Figure 3 Kinetics of peripheral blood CD4+ memory Th cells, effector memory Th cells, and effector Th1, Th2, Th17 and Tfh cells in COVID-19 patients and healthy controls. (A) Representative images of the gating strategy of Th cells analyzed using flow cytometry. Frequencies of (B) memory Th (CD4+CD45RO+) (C) effector memory TEM (CD4+CD45RO+CCR7-), (D) effector memory Th1 (CD4+CD45RO+CCR7-CXCR3+CCR6-), (E) effector memory Th2 (CD4+CD45RO+CCR7-CXCR3-CCR6-), (F) effector memory Th17 (CD4+CD45RO+CCR7-CXCR3-CCR6+), and (G) effector memory Tfh (CD4+CD45RO+CCR7-CXCR5+) populations within CD4+ cells in PBMCs isolated from healthy adults (n = 10) and patients with COVID-19 on days 1 (n = 24), 7 (n = 45), and 28 (n = 26). Each symbol represents the percentage of cells for one individual, and bars indicate median values. Statistical analysis was performed between healthy controls and different time points in patients using Mann-Whitney U test. *P < 0.05, **P < 0.01, ***P < 0.001.
TEM cell subsets in patients with different disease severity
Next, we determined the memory Th cell subsets in patients with asymptomatic, mild, moderate and severe COVID-19 on day 7 after enrollment, since the changes seen peaked at that time point. Hospitalized patients with severe COVID-19 disease had significantly higher memory Th cells overall compared to healthy individuals, although this was not seen in patients with asymptomatic, mild or moderate COVID-19 (Figure 4A). Effector memory Th cells increased significantly in all levels of disease severity compared to healthy controls (Figure 4B). Within the effector memory subset, all symptomatic patients with mild, moderate or severe COVID-19 disease had significantly higher levels of effector Th1, Th2, Th17 and Tfh cells compared to healthy controls, while asymptomatic patients had a significantly increased frequency only of the effector Tfh subset (P<0.05, Figures 4C-F). Analysis of effector memory Th cells on day 180 of patients showed comparable levels of whole memory as well as effector memory Th cells in patients and controls (Supplementary Figures 4A, B). However, compared to the controls, significantly increased frequencies of effector Tfh was observed on day 180 in all disease categories of patients. Effector Th2 was found higher in asymptomatic and moderate patients (Supplementary Figures 4D, F).

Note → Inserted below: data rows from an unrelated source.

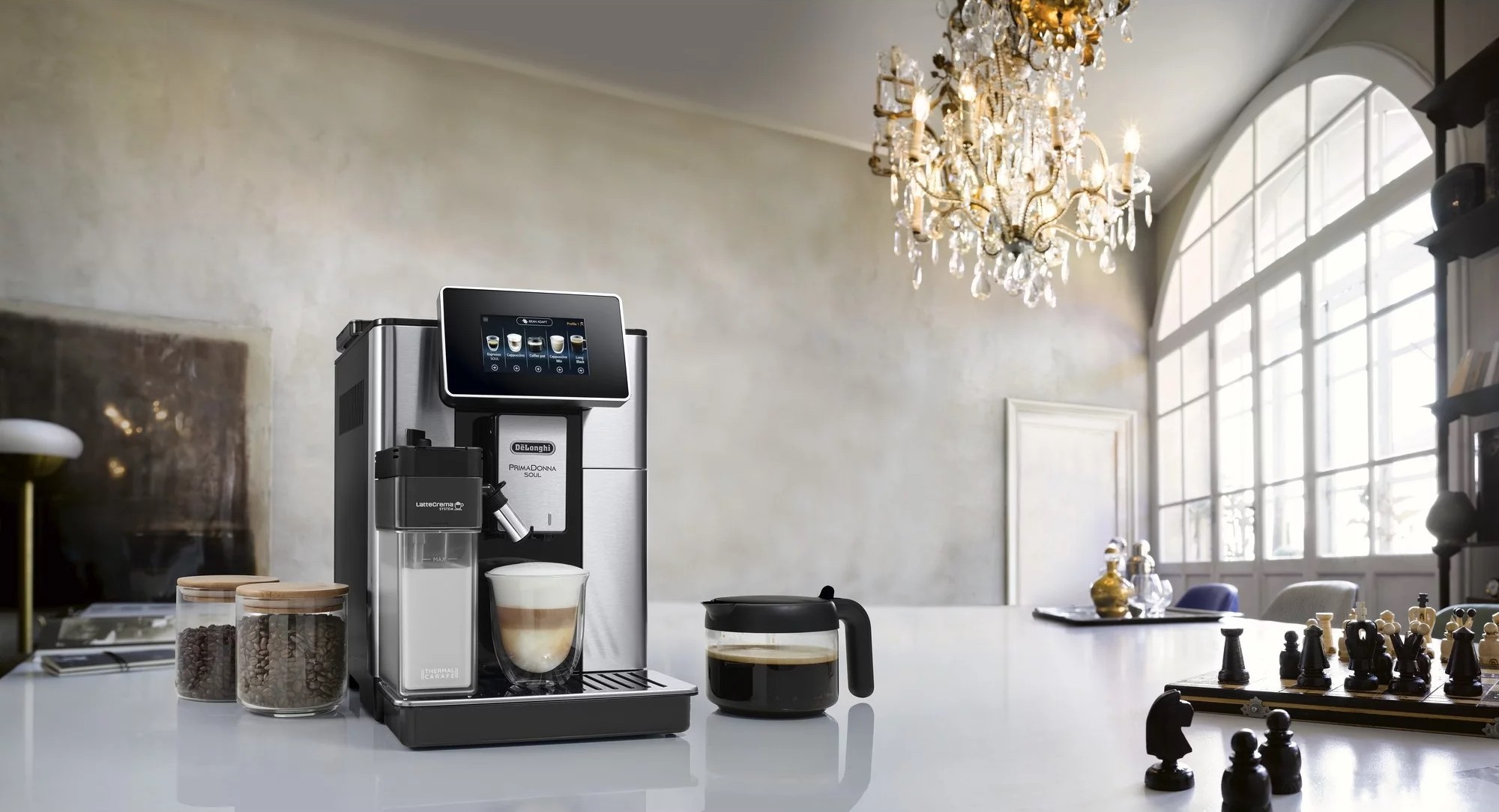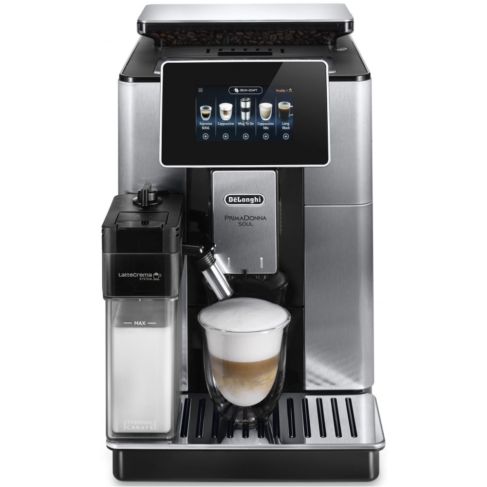 Кавовий автомат виробника De'longhi влітку 2022 року поповнив фірмову лінійку PrimaDonna. В рамках цієї серії представлені високотехнологічні рішення преміального сегмента з багатими функціональними можливостями. Відповідний статус моделі підтверджує великий сенсорний дисплей і можливість управління зі смартфона (додаток CoffeeLink), додаткова термоізоляція резервуара для молока, що містить 0.5 літра, наявність скляного кавника в комплекті поставки (спеціально для режиму «графин кави»), а також велика кількість автоматичних програм (всього 21 штука). Серед останніх є всі найпопулярніші рецепти, а також багато що рідко зустрічаються, начебто холодної кави, кортадо і т. д.
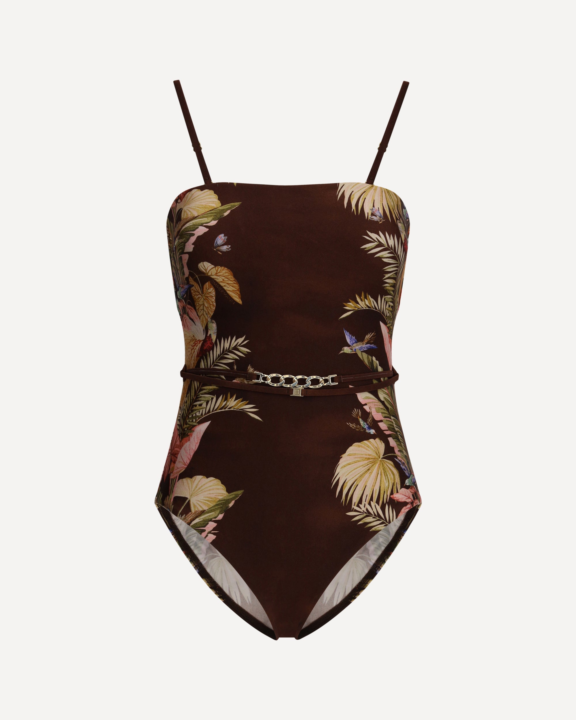 The Ascension one-piece Swimsuit by Zimmerman is a bold and elegant choice designed for those who like to stand out even under the sun. Featuring a vibrant floral pattern, the bandeau style with balconette bra offers optimal support and a sensual shape, enhancing the neckline. The design is further enhanced by reinforcements at the side seams that ensure a perfect fit and define the silhouette. The non-slip elastic front ensures that the swimsuit stays in place, while the removable chain belt adds a touch of sophistication and a luxurious accent.
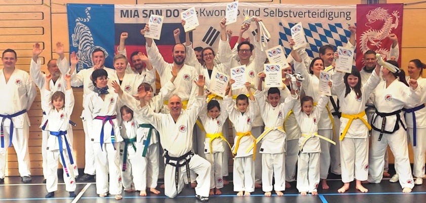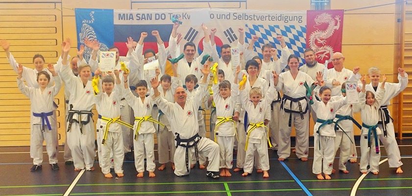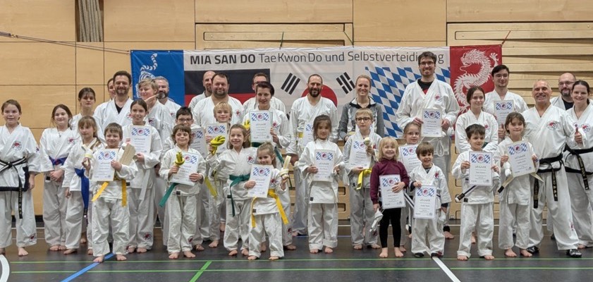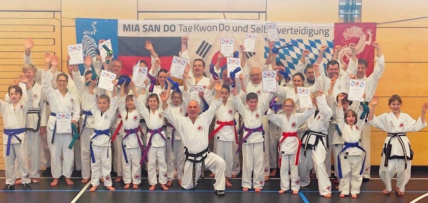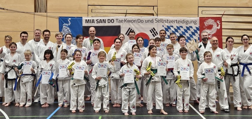 (ty) Zahlreiche Gürtel-Prüfungen hat es dieser Tage bei der Taekwondo-Abteilung der SpVgg Steinkirchen gegeben. Insgesamt 87 Akteure im Alter zwischen vier und 64 Jahren (Fotos) zeigten dabei in verschiedenen Leistungs-Stufen ihr Können und stellten die erworbenen Fähigkeiten unter Beweis. "Gürtel-Prüfungen sind immer eine besondere Herausforderung für Körper und Geist", weiß Großmeister Klaus Scheuer. "Sie sind übrigens nicht nur anstrengend für die Prüflinge, sondern auch für die zahlreichen Prüfungshelfer."
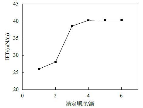 結(jié)果表明,液滴懸置5 min后,第一滴液滴表面張力值最小,隨著連續(xù)滴定的進(jìn)行,液滴表面張力值逐漸增大,最終趨于平衡。究其原因,可能是由于懸置一段時(shí)間后,表面活性劑分子在表面充分吸附,所以第一滴液滴表面張力最小,而隨著連續(xù)滴定進(jìn)行,由于平衡時(shí)間較短,表面活性劑分子在液滴的表面吸附未達(dá)平衡,所以數(shù)值逐漸增大,然而滴加液滴的速度一定,表面活性劑分子在表面的遷移速率一定,降低表面的能力與效率一定,最終會(huì)達(dá)到一個(gè)穩(wěn)定值。而平衡時(shí)間的長(zhǎng)短,與表面活性劑分子的性質(zhì)有關(guān),遷移吸附速率快的表面活性劑分子所需時(shí)間較短。由此可見,使用懸滴法測(cè)定表面張力時(shí),時(shí)間效應(yīng)的影響不可忽略。
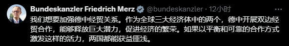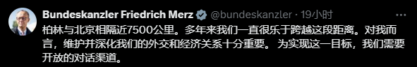 默茨社交媒體網絡截圖 隨後,他又連續發出兩條中文帖文,對德中雙邊合作表達充滿期望。
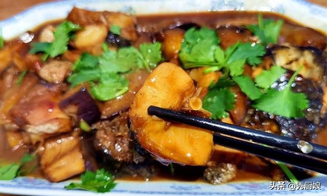 4.小火炖15分钟后,开大火收一下汤汁,将汤汁收浓稠后,关火,将鱼肉装入盆中,撒上适量的葱花和香菜点缀增香,一道营养美味的黑鱼烧茄子就做好了!
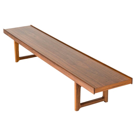 Banc ou table longue en palissandre norvégien, Design/One, Circa 1960, Krobo, Fabriqué en Norvège par Mellemstrands Trevareindustri. Le plateau rectangulaire avec une moulure extérie...
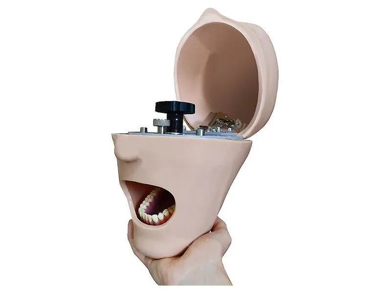 • Модель головы человека со встроенным регулируемым артикулятором, воспроизводящим все анатомические движения нижней челюсти, с возможностью регулировки по высоте для установки различных моделей челюстей.
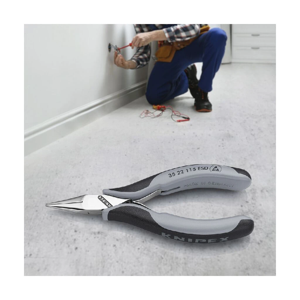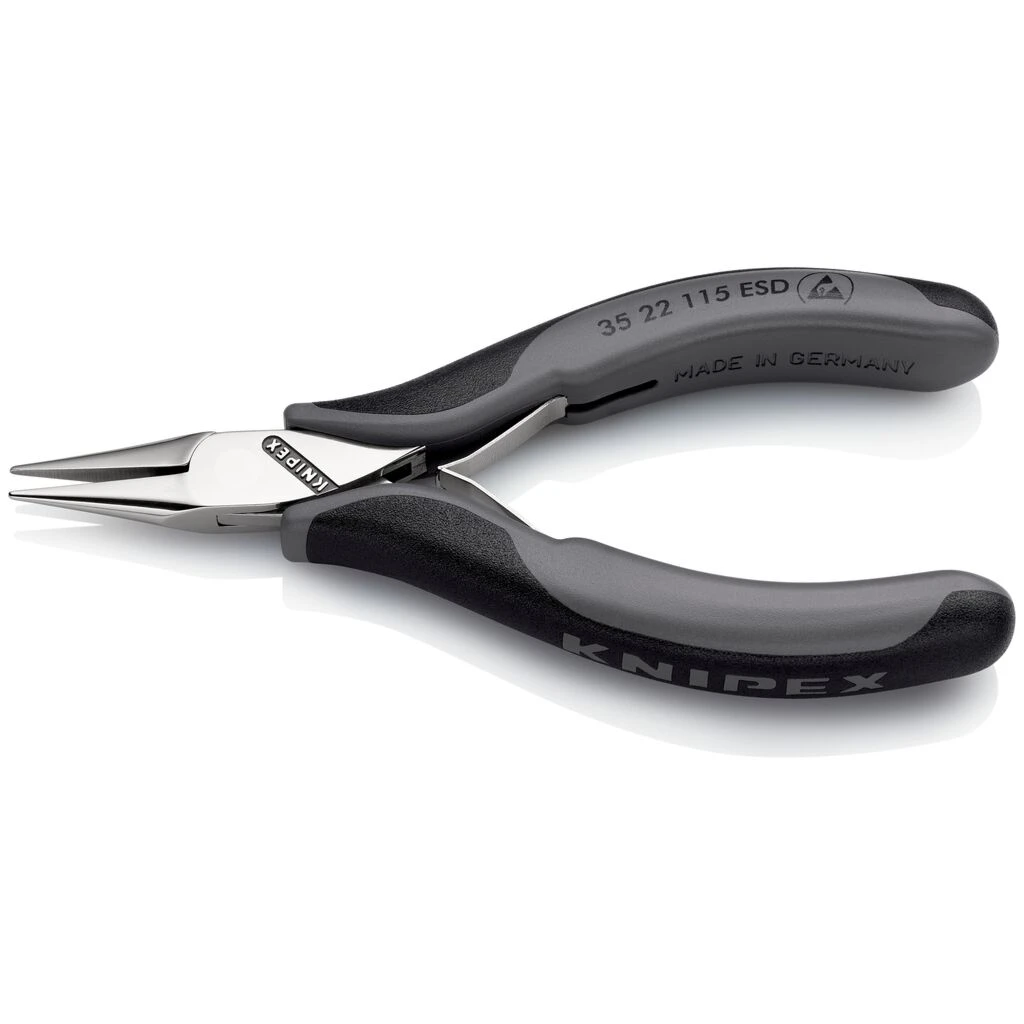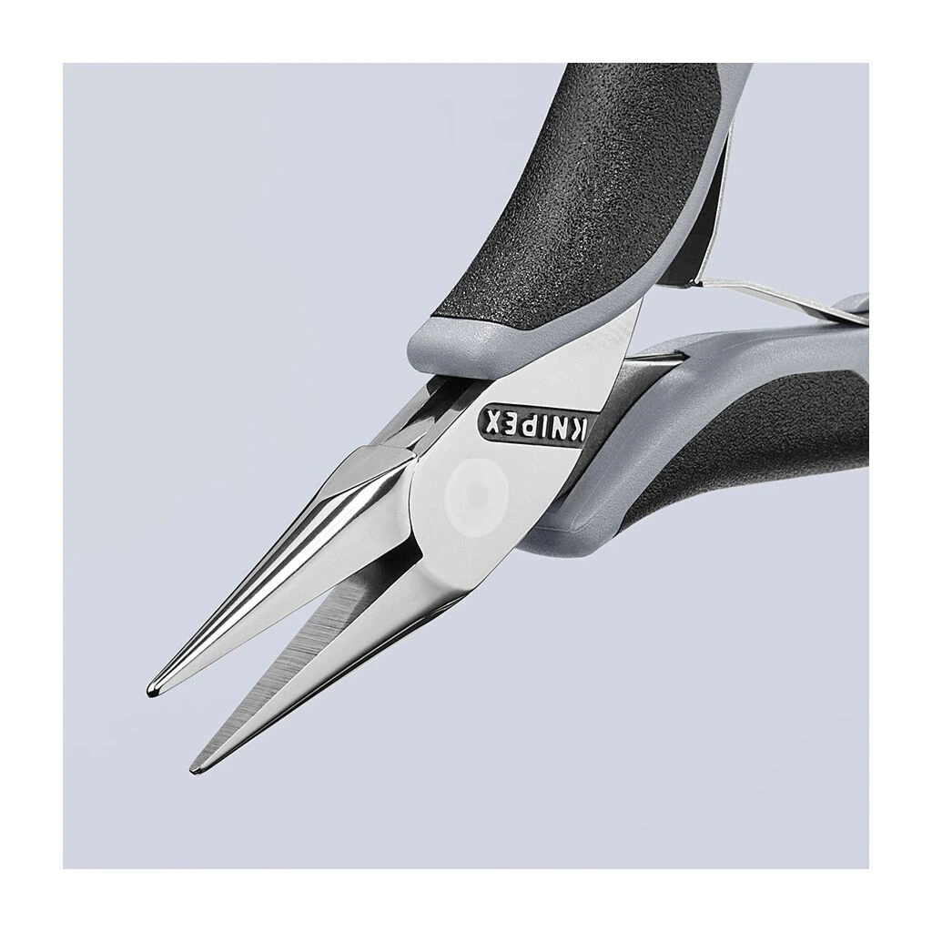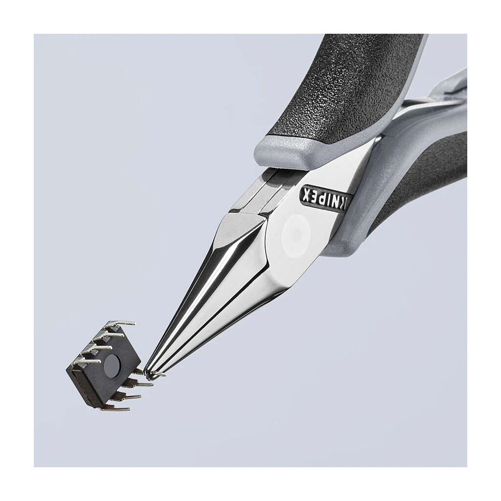 Präzisionszangen für feine Montagearbeiten, z. B. in Elektronik und Feinmechanik. Zum Greifen, Halten und Biegen. Griffe elektrisch ableitend – dissipativ. Durchgestecktes Präzisionsgelenk. Glatt geschliffene Greifflächen. Kanten sorgfältig entgratet. Reibungsarme Doppelfeder für ein sanftes und gleichmäßiges Öffnen. Die Spiegelpolitur bietet in Verbindung mit einem feinen Ölfilm einen guten Rostschutz – keine Störungen im Schaltkreis durch abblätternde Chromteile. Griffe mit zweifarbigen Mehrkomponenten-Hüllen schwarz/grau. flach-runde Backen.

Figure 4 Frequencies of peripheral blood CD4+ memory Th cells, effector memory Th cells, and effector Th1, Th2, Th17 and Tfh cells in patients with differing disease severity of COVID-19, compared to healthy controls. Frequencies of (A) memory Th (CD4+CD45RO+), (B) effector memory TEM (CD4+CD45RO+CCR7-), (C) effector memory Th1 (CD4+CD45RO+CCR7-CXCR3+CCR6-), (D) effector memory Th2 (CD4+CD45RO+CCR7-CXCR3-CCR6-), (E) effector memory Th17 (CD4+CD45RO+CCR7-CXCR3-CCR6+), and (F) effector memory Tfh (CD4+CD45RO+CCR7-CXCR5+) populations within CD4+ cells in PBMCs isolated from healthy adults (n = 10) and patients with asymptomatic, mild, moderate and severe COVID-19 on day 7 (n = 10-11 per group). Each symbol represents the percentage of cells for one individual, and bars indicate median values. Statistical analysis was performed between healthy controls and patients using Mann-Whitney U test. *P < 0.05, **P < 0.01, ***P < .001.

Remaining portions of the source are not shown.